He escaped injury, but the precious trousers were damaged almost beyond repair. Sam, with a boy's heartlessness, was fairly rolling on the ground with laughter at Henry's appearance.
"Cotton-tail rabbit!" he shouted. "Cotton-tail rabbit!" while Henry, weeping, set out for home by a circuitous and unfrequented road. Let us hope, if there was punishment for this mishap, that it fell in the proper locality.
These two brothers were of widely different temperament. Henry, even as a little boy, was sturdy, industrious, and dependable. Sam was volatile and elusive; his industry of an erratic kind. Once his father set him to work with a hatchet to remove some plaster. He hacked at it for a time well enough, then lay down on the floor of the room and threw his hatchet at such areas of the plaster as were not in easy reach. Henry would have worked steadily at a task like that until the last bit was removed and the room swept clean.
The home incidents in 'Tom Sawyer', most of them, really happened. Sam Clemens did clod Henry for getting him into trouble about the colored thread with which he sewed his shirt when he came home from swimming; he did inveigle a lot of boys into whitewashing, a fence for him; he did give Pain-killer to Peter, the cat. There was a cholera scare that year, and Pain-killer was regarded as a preventive. Sam had been ordered to take it liberally, and perhaps thought Peter too should be safeguarded. As for escaping punishment for his misdeeds in the manner described in that book, this was a daily matter, and the methods adapted themselves to the conditions. In the introduction to Tom Sawyer Mark Twain confesses to the general truth of the history, and to the reality of its characters. "Huck Finn was drawn from life," he tells us. "Tom Sawyer also, but not from an individual--he is a combination of the characteristics of three boys whom I knew."
The three boys were--himself, chiefly, and in a lesser degree John Briggs and Will Bowen. John Briggs was also the original of Joe Harper in that book. As for Huck Finn, his original was Tom Blankenship, neither elaborated nor qualified.

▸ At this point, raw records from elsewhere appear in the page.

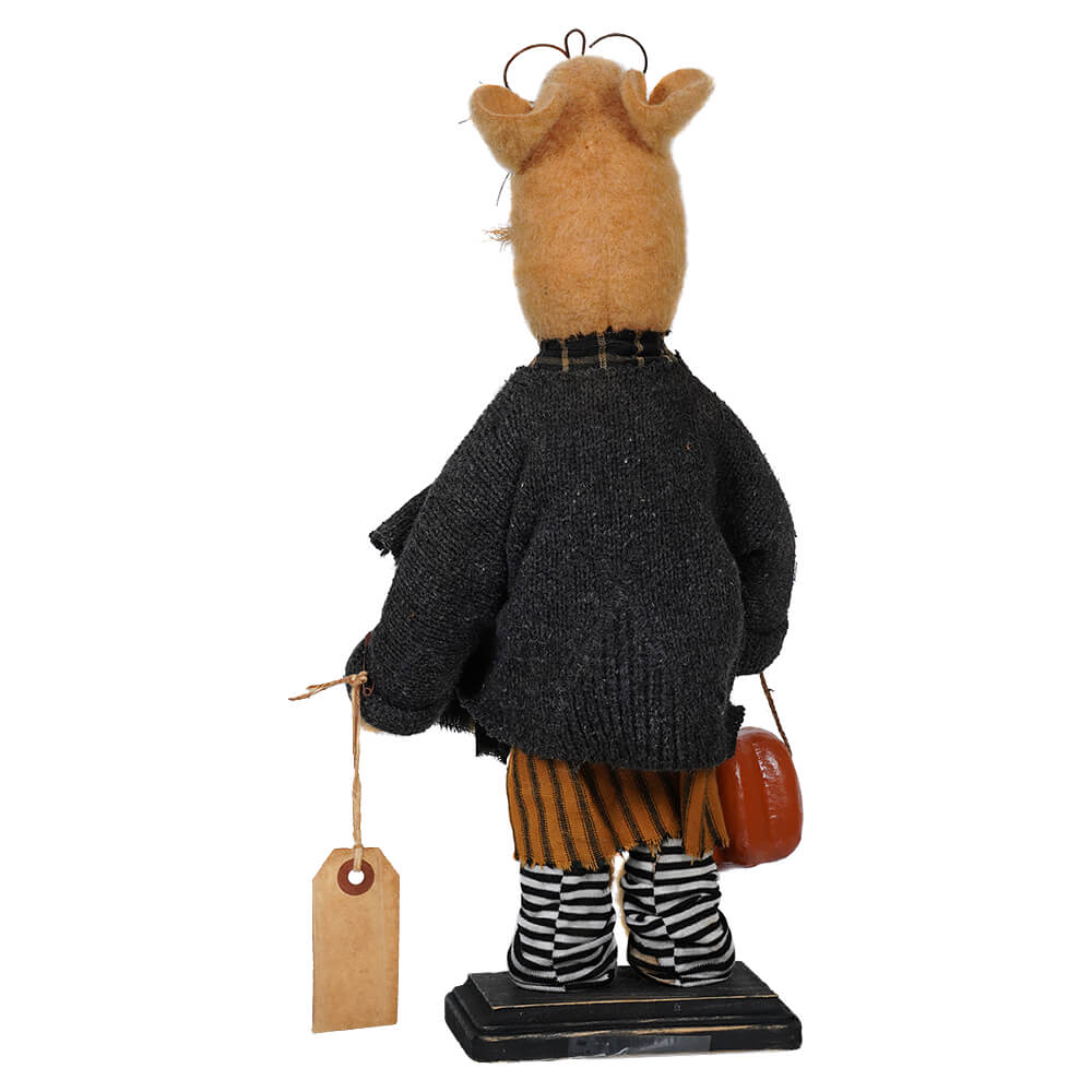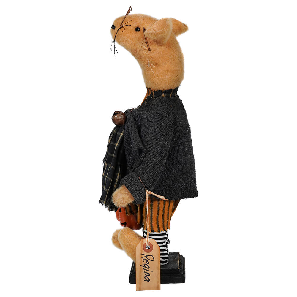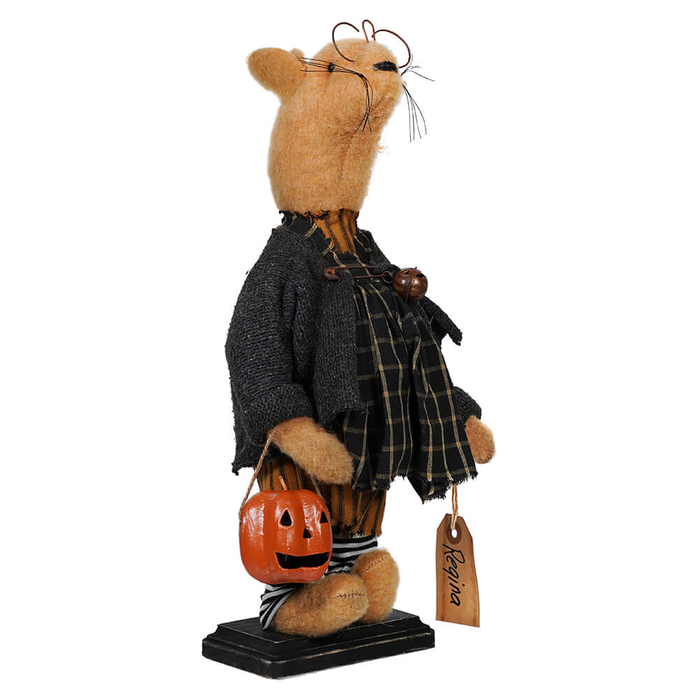 This one-of-a-kind piece stands 16” tall and radiates coziness and comfort with its repurposed fabric design, tea staining and scented batting. Regina also comes with her own hanging tag from her wrist, just in case she forgets who she is while out trick or treating! This vintage look also captures autumn in all of its glory and channels a whimsical Halloween spirit. It’s perfect for adding an endearing look to any room – now who wouldn’t want that?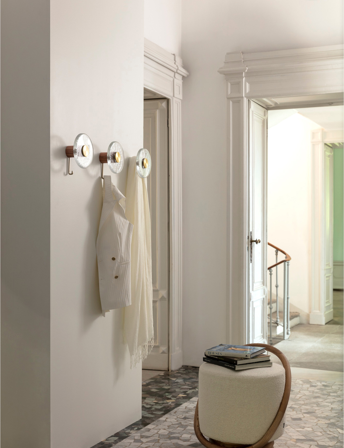 Настенные крючки Porada Jupiter изготовлены из дерева, металла и стекла.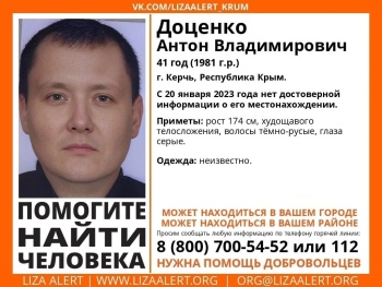 В Керчи разыскивается Доценко Антон Владимирович, 41 год (1981 г.р.). О поиске мужчины в соцсетях сообщили волонтеры «ЛизаАлерт», - передает  Керчь.ФМ.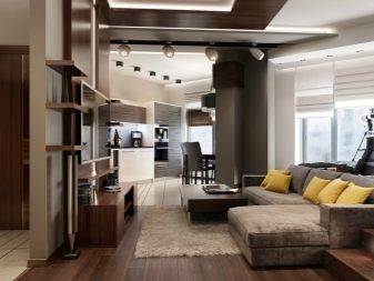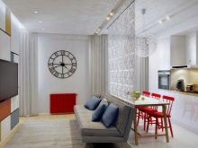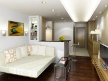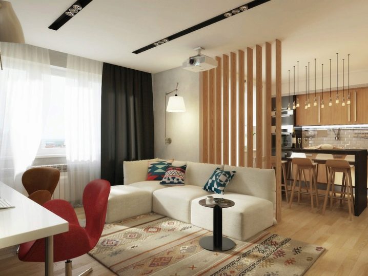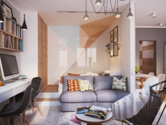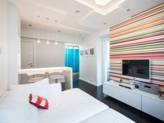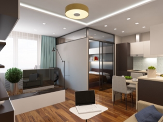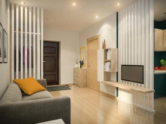 Пространството може да бъде визуално разделено на три части. Всекидневната и кухнята са отделени една от друга с бар плот, а спалнята е отделена от кухнята с обикновена стена. Идеален за много малки апартаменти.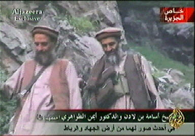 在9·11恐怖襲擊兩周年紀念日到來之際,卡塔尓半島電視臺9月10日晚播放了“基地”組織的最新錄像和錄音帶!盎亍苯M織一號人物本·拉登和二號人物扎瓦赫里同時出現(xiàn)在錄像帶中。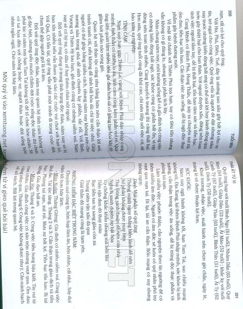 (Lưu ý: Thái Ất Tử Vi được chúng tôi scan từ sách, do đó mỗi tuổi sẽ có nhiều trang, quý vị xem xong hãy nhấn vào trang tiếp theo để xem hết phần tuổi muốn xem. Nếu quý vị xem bằng điện thoại thì hãy kéo qua lại để xem phần bị khuất.)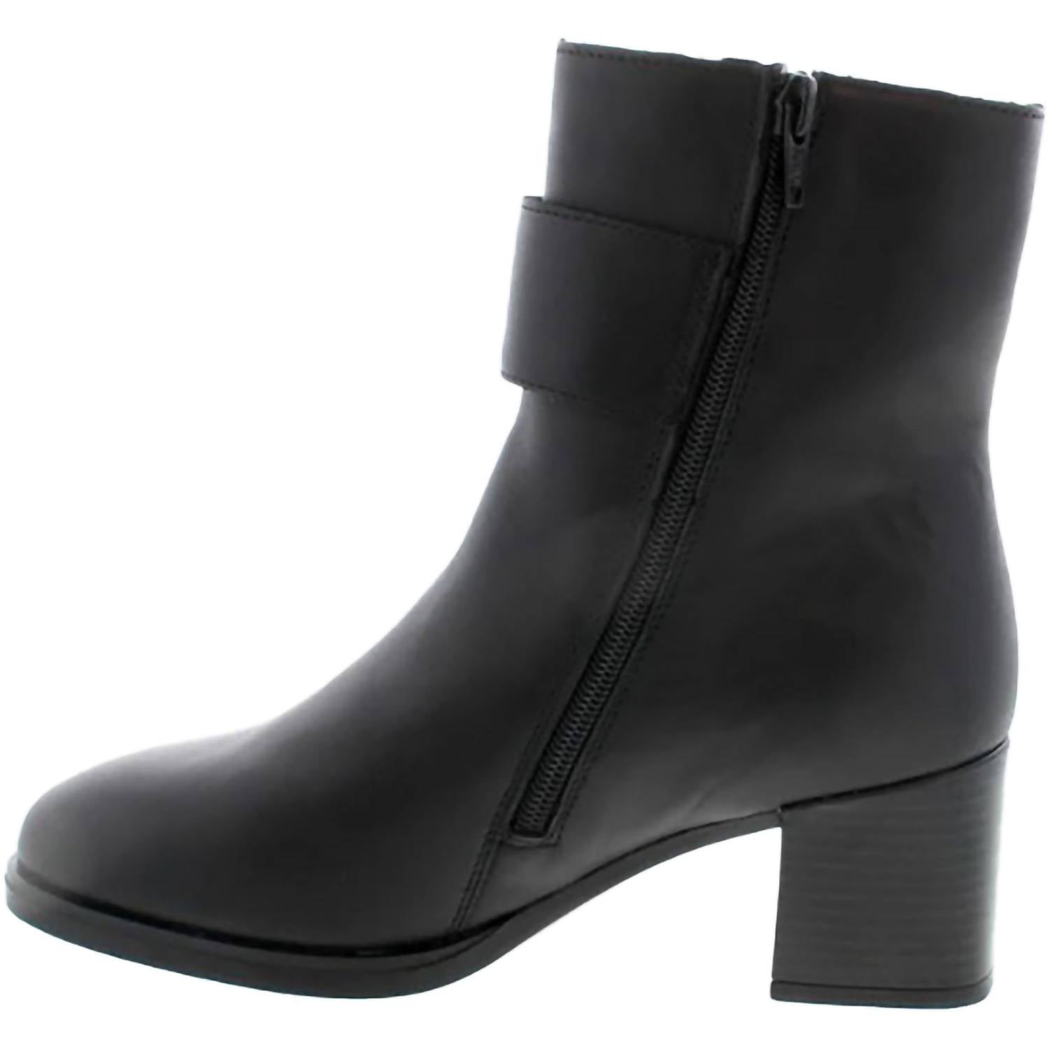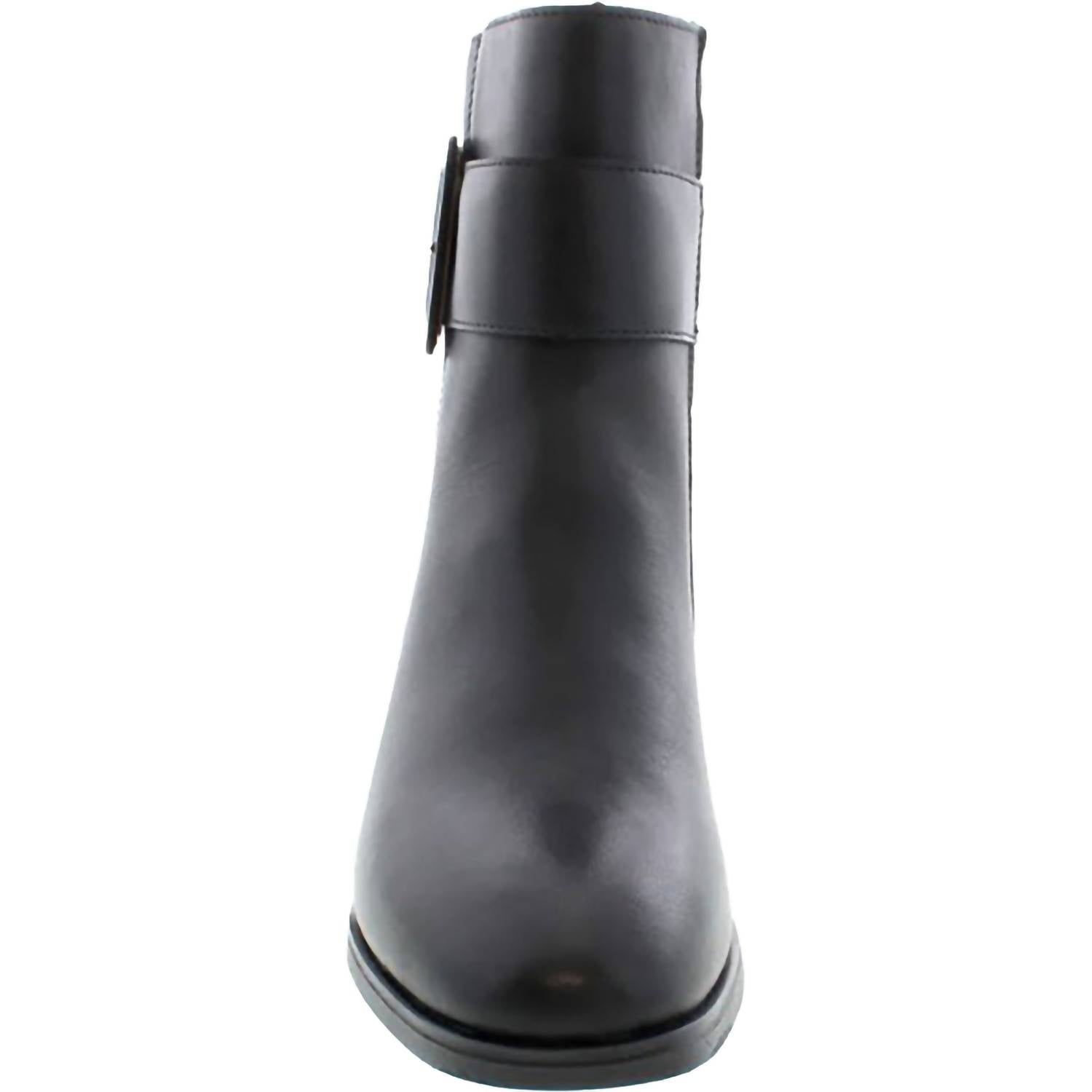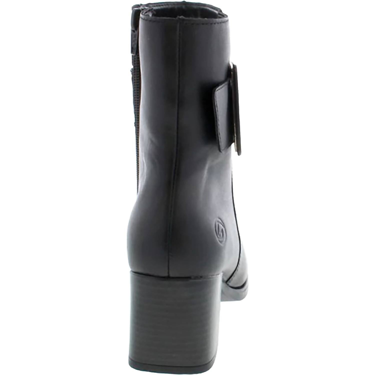 Say hello to the perfect, most versatile boot. The ankle height makes this style easily transition from day to night. Wear them with your favorite skinny jeans and tee for a more laid back look, or pair them with your favorite mini dress and jacket for a night out on the town. Step into sleek style and comfort with the Remonte Women's Leather Ankle Boots, a perfect addition to your fall wardrobe. Crafted from premium leather in a classic black hue, these boots feature a distinctive rectangular buckle for added elegance. The block heel is mid-height, measuring between 2 1/4 to 3 inches, providing a comfortable lift suitable for evening events. With a convenient side zip closure and removable insole, these boots are designed for both style and practicality.

There were several of the Blankenships: there was old Ben, the father, who had succeeded "General" Gains as the town drunkard; young Ben, the eldest son--a hard case with certain good traits; and Tom--that is to say, Huck--who was just as he is described in Tom Sawyer: a ruin of rags, a river-rat, an irresponsible bit of human drift, kind of heart and possessing that priceless boon, absolute unaccountability of conduct to any living soul. He could came and go as he chose; he never had to work or go to school; he could do all things, good or bad, that the other boys longed to do and were forbidden. He represented to them the very embodiment of liberty, and his general knowledge of important matters, such as fishing, hunting, trapping, and all manner of signs and spells and hoodoos and incantations, made him immensely valuable as a companion. The fact that his society was prohibited gave it a vastly added charm.
The Blankenships picked up a precarious living fishing and hunting, and lived at first in a miserable house of bark, under a tree, but later moved into quite a pretentious building back of the new Clemens home on Hill Street. It was really an old barn of a place--poor and ramshackle even then; but now, more than sixty years later, a part of it is still standing. The siding of the part that stands is of black walnut, which must have been very plentiful in that long-ago time. Old drunken Ben Blankenship never dreamed that pieces of his house would be carried off as relics because of the literary fame of his son Tom--a fame founded on irresponsibility and inconsequence. Orion Clemens, who was concerned with missionary work about this time, undertook to improve the Blankenships spiritually. Sam adopted them, outright, and took them to his heart. He was likely to be there at any hour of the day, and he and Tom had cat-call signals at night which would bring him out on the back single-story roof, and down a little arbor and flight of steps, to the group of boon companions which, besides Tom, included John Briggs, the Bowen boys, Will Pitts, and one or two other congenial spirits.